Top of ENTRIES SHOWN

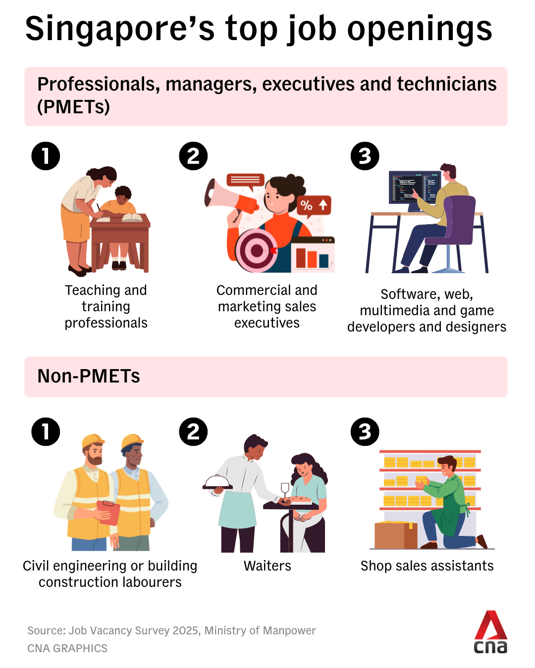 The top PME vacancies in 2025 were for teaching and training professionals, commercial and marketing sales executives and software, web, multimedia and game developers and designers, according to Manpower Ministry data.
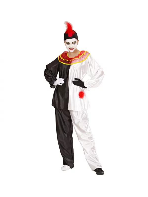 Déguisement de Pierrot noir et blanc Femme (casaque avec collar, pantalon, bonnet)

Bottom of ENTRIES SHOWN
Top of ENTRIES SHOWN

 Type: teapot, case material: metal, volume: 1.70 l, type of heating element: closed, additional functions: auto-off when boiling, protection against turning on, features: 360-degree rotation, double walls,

Bottom of ENTRIES SHOWN
Top of ENTRIES SHOWN

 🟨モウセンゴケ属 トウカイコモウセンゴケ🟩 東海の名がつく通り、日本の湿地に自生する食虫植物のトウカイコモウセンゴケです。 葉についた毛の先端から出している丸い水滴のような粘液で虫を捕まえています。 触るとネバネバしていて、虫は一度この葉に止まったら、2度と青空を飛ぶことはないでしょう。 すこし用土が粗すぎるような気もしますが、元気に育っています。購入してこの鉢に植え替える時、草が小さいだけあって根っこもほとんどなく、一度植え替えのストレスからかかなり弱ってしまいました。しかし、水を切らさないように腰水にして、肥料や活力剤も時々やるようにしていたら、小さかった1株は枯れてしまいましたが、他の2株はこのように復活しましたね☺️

Bottom of ENTRIES SHOWN

* **EXERCISE OBJECTIVE**
Go back to the lines above and output, exactly as they stand, the ones from the line containing "The top PME" to the line containing "Déguisement de Pierrot". Leave all pictures behind.

* **EXERCISE RESPONSE**
 The top PME vacancies in 2025 were for teaching and training professionals, commercial and marketing sales executives and software, web, multimedia and game developers and designers, according to Manpower Ministry data.
 Déguisement de Pierrot noir et blanc Femme (casaque avec collar, pantalon, bonnet)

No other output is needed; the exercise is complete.